CTranslate2
CTranslate2 copied to clipboard
ctranslate2 crashes on AWS lambda
Hello,
CTranslate2 crashes with the following error when started inside of an AWS Lambda:
OMP: Error #179: Function Can't open SHM2 failed:
OMP: System error #2: No such file or directory
The problem happens when a new Translator object gets created translator = ctranslate2.Translator(model_path, device="cpu")
This can be reproduced inside of a docker container without AWS, if you start the container like this docker run --ipc=none ...
I researched about this problem online, and the issue is that lambda does not provide /dev/shm. Pupeeter has the same problem, there they provide a flag to turn off /dev/shm usage, see https://github.com/puppeteer/puppeteer/blob/v1.0.0/docs/troubleshooting.md#tips. Firefox selenium has the same issue and it seems like no one has found a way to run a headless firefox inside of a lambda, they don't provide such a flag.
Is there a way CTranslate2 could stop using /dev/shm, maybe based on an ENV variable or so?
Thank you so much already
Hi,
The error comes from OpenMP (OMP) which is used for multithreading. It was also reported a few months ago on the forurm. At that time I simply suggested to use EC2 instances instead of Lambdas.
This can be reproduced inside of a docker container without AWS, if you start the container like this docker run --ipc=none ...
Thank you for the tip. Indeed /dev/shm is no longer present when using this flag but I did not manage to reproduce the error. Can you share a full example to reproduce the error with Docker?
Hi @guillaumekln,
Thank you for your quick reply. I created a repository to easier reproduce the bug: ctranslate_dev_shm_issue
Unfortunately we can't use EC2 at our company, we are supposed to use lambda.

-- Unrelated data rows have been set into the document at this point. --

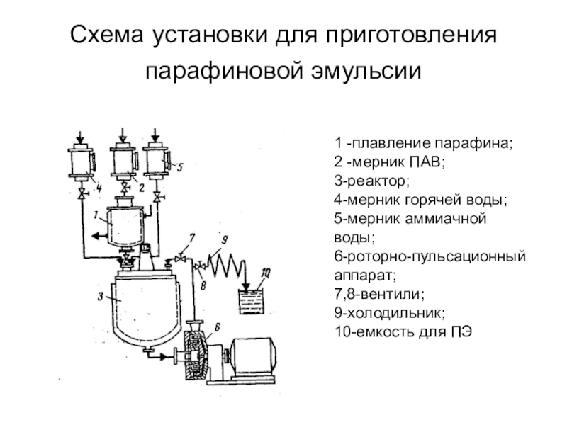 Слайд 4Схема установки для приготовления парафиновой эмульсии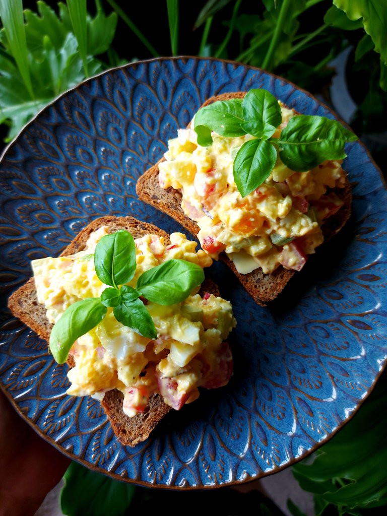 Bland sammen majones og smak deg frem med krydder. Kutt grønnsaker og egg i terninger og vend det inn i majonesen.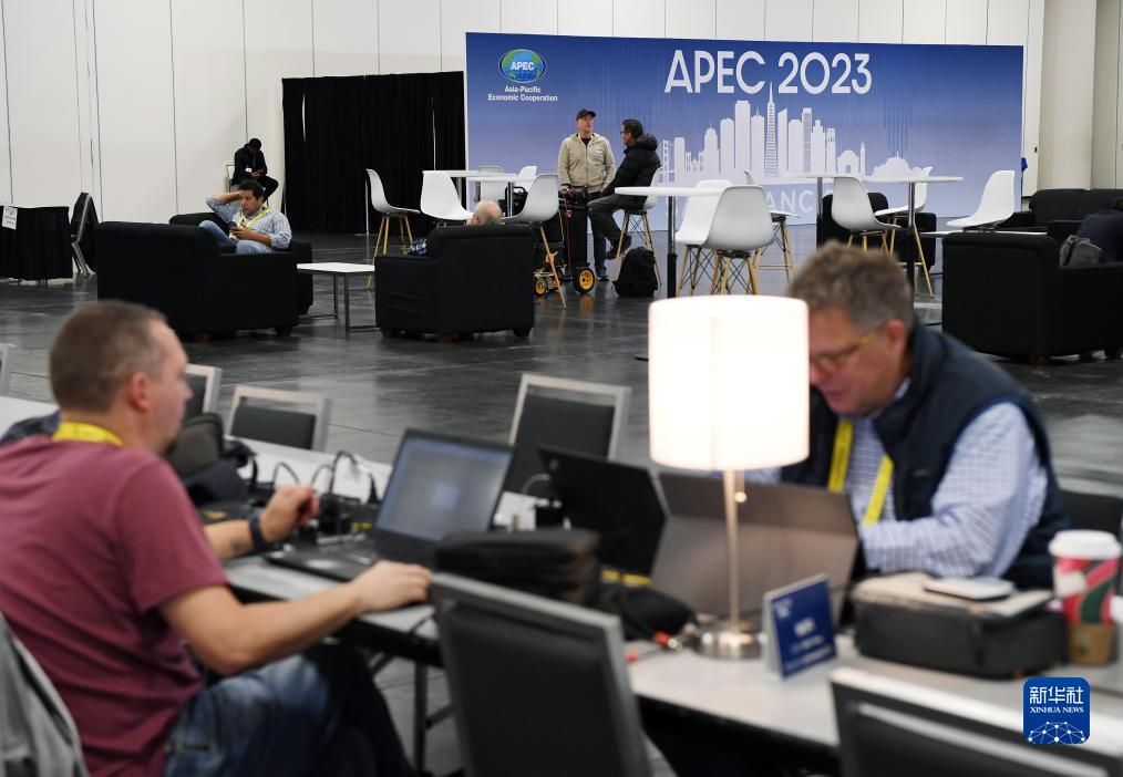 11月12日,記者在美國舊金山的2023年亞太經合組織會議國際媒體中心內工作。

Thanks for the reproducer. I was using Ubuntu 20.04 as the base image and did not reproduce the error (probably for the same reason you did not reproduce with Debian).
We are currently building with the LLVM OpenMP runtime from Intel. This error happens early when the runtime is initialized and I did not find a way to change this behavior (see https://github.com/llvm/llvm-project/issues/53955).
However, using the GNU OpenMP runtime seems to fix the error. This is probably the only reasonable solution to this issue and I will consider this change for the next version.
However, using the GNU OpenMP runtime seems to fix the error. This is probably the only reasonable solution to this issue and I will consider this change for the next version.
The version 2.24.0 includes this change.
@Pita, could you verify that you can now run on AWS Lambda?
Hello @guillaumekln,
I just tested it again with the latest version and I can confirm it works now. Thank you so much for this fast fix!